Defining Brand Voice and What it Means for Your Brand


Building a brand can be completely overwhelming. Between keeping up with social media trends, trying to pick out what photos to post when and where, and maintaining an up to date website, it’s a lot to juggle. How does everything come together? How do I get my audience to think of my brand in the way I want them to? There are all these moving parts, but put them all together and they become a brand voice!

So what do we mean when we say brand voice? A brand voice is basically a brand’s personality, it’s how it conveys emotions to their target audience, the way the brand speaks in advertisements or in captions on social media or in response to consumers online. The voice of a brand is crucial when it comes to making or breaking the relationship they have with their audience. It should be cohesive, line up with their core values. Your brand’s voice online is going to drive how people view your brand and whether or not they want to follow you, subscribe to your newsletters, or even buy from your business. 

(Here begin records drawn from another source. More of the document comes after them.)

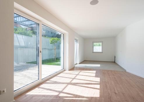 Der offen gestaltete Wohn- und Essbereich überzeugt durch helle Räume und einen direkten Zugang zur Terrasse, die zu entspannten Stunden im Freien einlädt. Große Fensterflächen sorgen für eine angenehme Lichtdurchflutung und unterstreichen den Neubaucharakter der Wohnung.
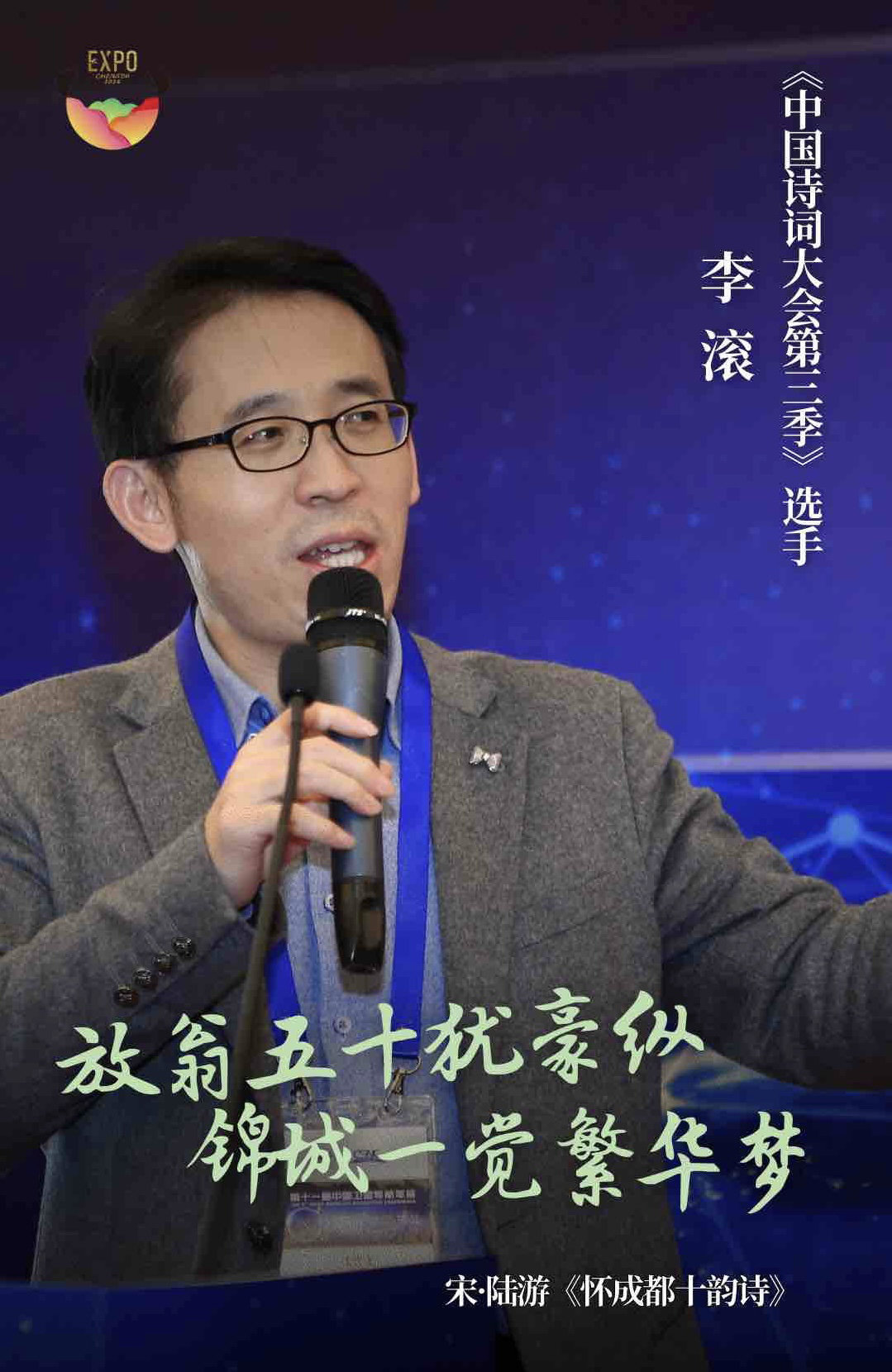诗意成都,寄语成都世园会,让李滚感触颇深。“放翁五十犹豪纵,锦城一觉繁华梦”,该句出自陆放翁《怀成都十韵诗》,在他看来,“ 其诗格调豪放跌宕,书风瘦硬通神,意致高远,词翰双美。”他感叹,“吾来蓉城快二十年矣,今也半百。人到中年,万境归淡,豪情犹在,感慨亦深。”
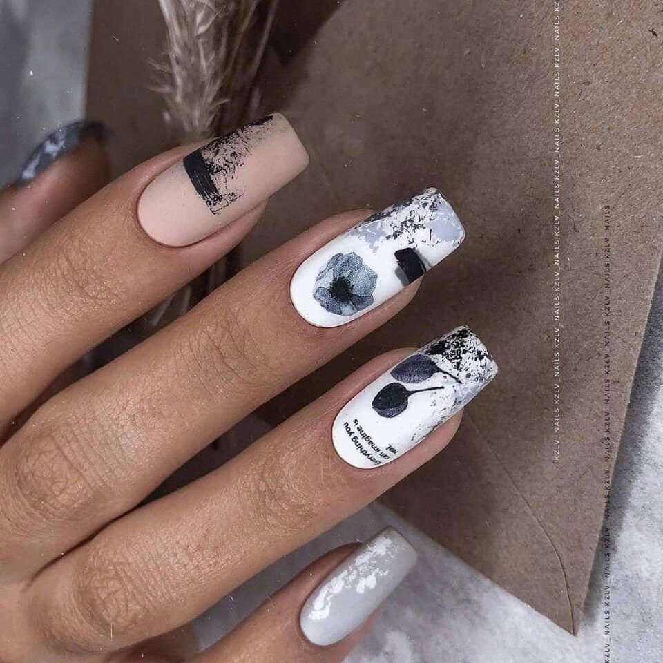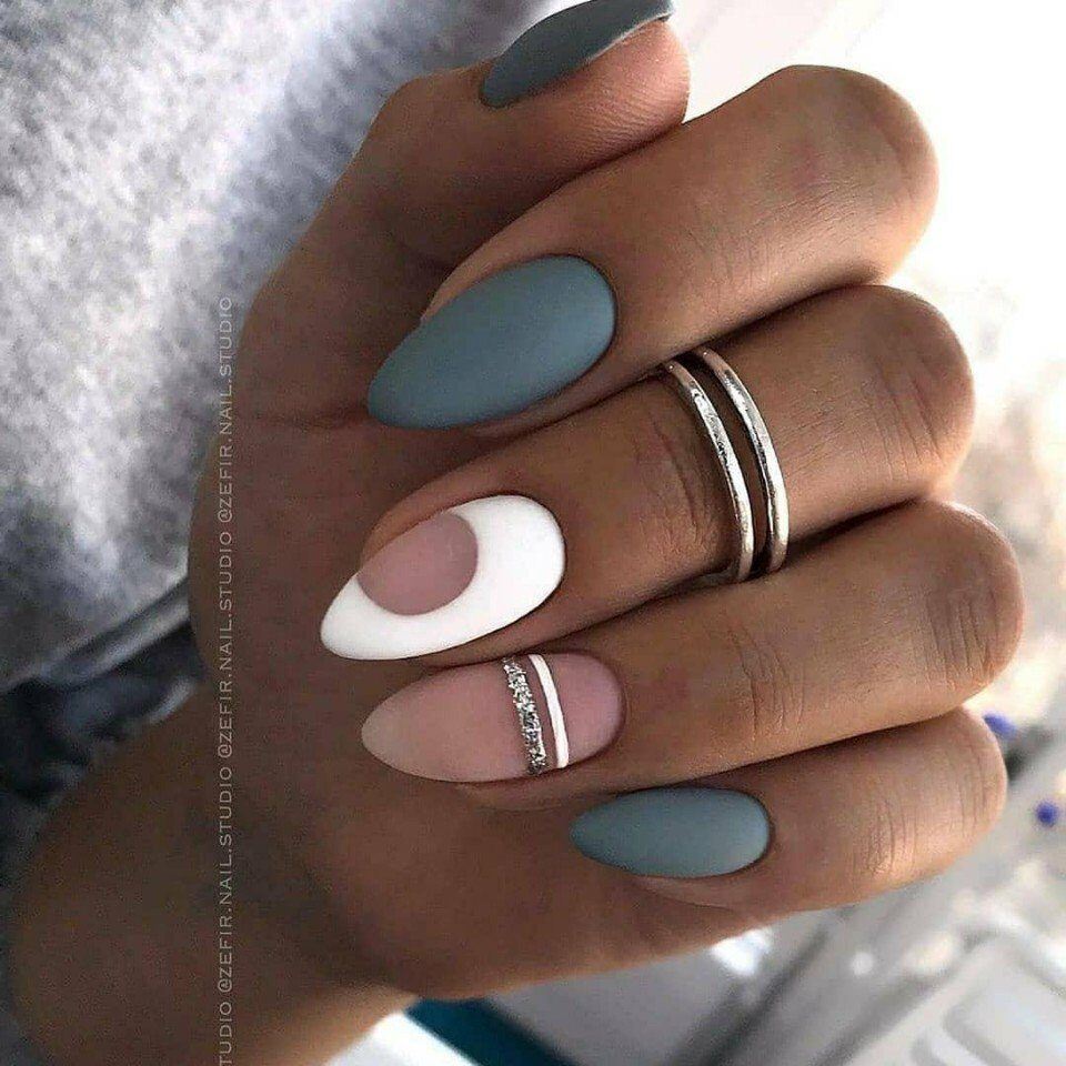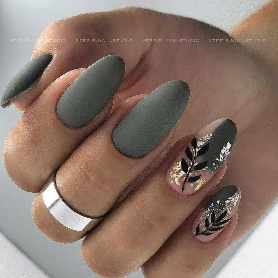 В трендах серого маникюра находится именно матовый маникюр. Матовый серый цвет смотрится стильно, минималистично и не вызывающе. Дополняют такой маникюр, обычно, геометрическими фигурами, сдержанными рисунками или линиями.
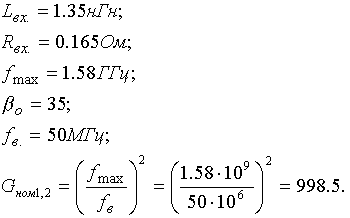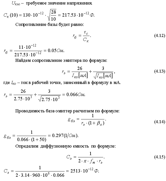 Входную индуктивность определим по формуле 4.19. Определим входное сопротивление по формуле (4.12), для этого найдем Ск при напряжении Uкэ = 10В воспользовавшись формулой (4.11.)
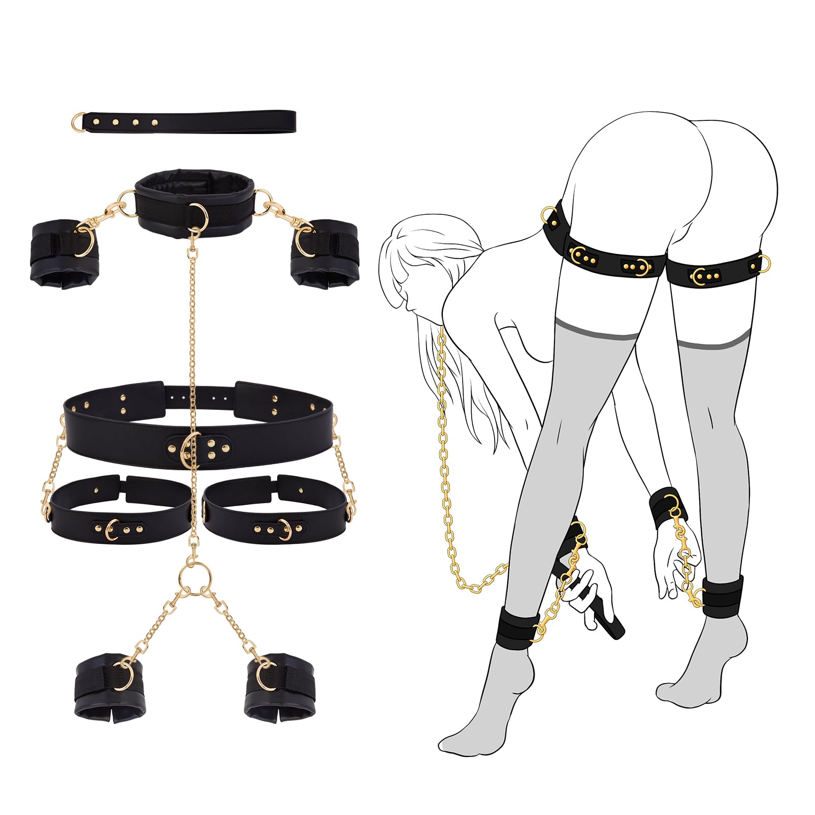 Sex Bondage BDSM Kit Restraints - UTIMI Adult Sex Toys for Couples Neck to Wrist SM Gear & Accessories Game 7PCS Sets with Adjustable Handcuffs Ankle Thigh Cuff Cross Waist Strap Traction Chain Collar

So why is this all important? How your viewers see your brand and how they hear you can influence a LOT of things for them. Let’s be real, most people don’t follow your brand because they’re looking to buy from you, they follow you because they like your content! Which, hopefully, leads to a sale- we’d say  75% of the time it does. However, there’s gotta be some value-added for you to gain their interest when it comes to eventually buying from you. What drives this? Your voice. 

Defining your brand voice is super important when building your brand. It’s equally as important as defining your USP, which we HIGHLY suggest figuring out before you drill down your brand voice. If you need help with that, lucky for you we have a USP worksheet to help you figure it out! But, back to building a brand voice. It’s sort of like that movie about “building the perfect girlfriend”, but instead it’s imagining what your brand would sound like as a person. Would you say your brand is quirky and funny? Strong and empowered? Sophisticated and elegant? Find two words, or three at the most, that you think fit with your brand and use them to inspire and match your voice. This helps figure out the feeling you want your audience to have when reading your messaging, copy, etc.  Let’s dive into some examples so you get a better idea:.



Sharpie’s voice focuses on being bold and expressive. They’re very positive in their posts and are always encouraging the creativity of others.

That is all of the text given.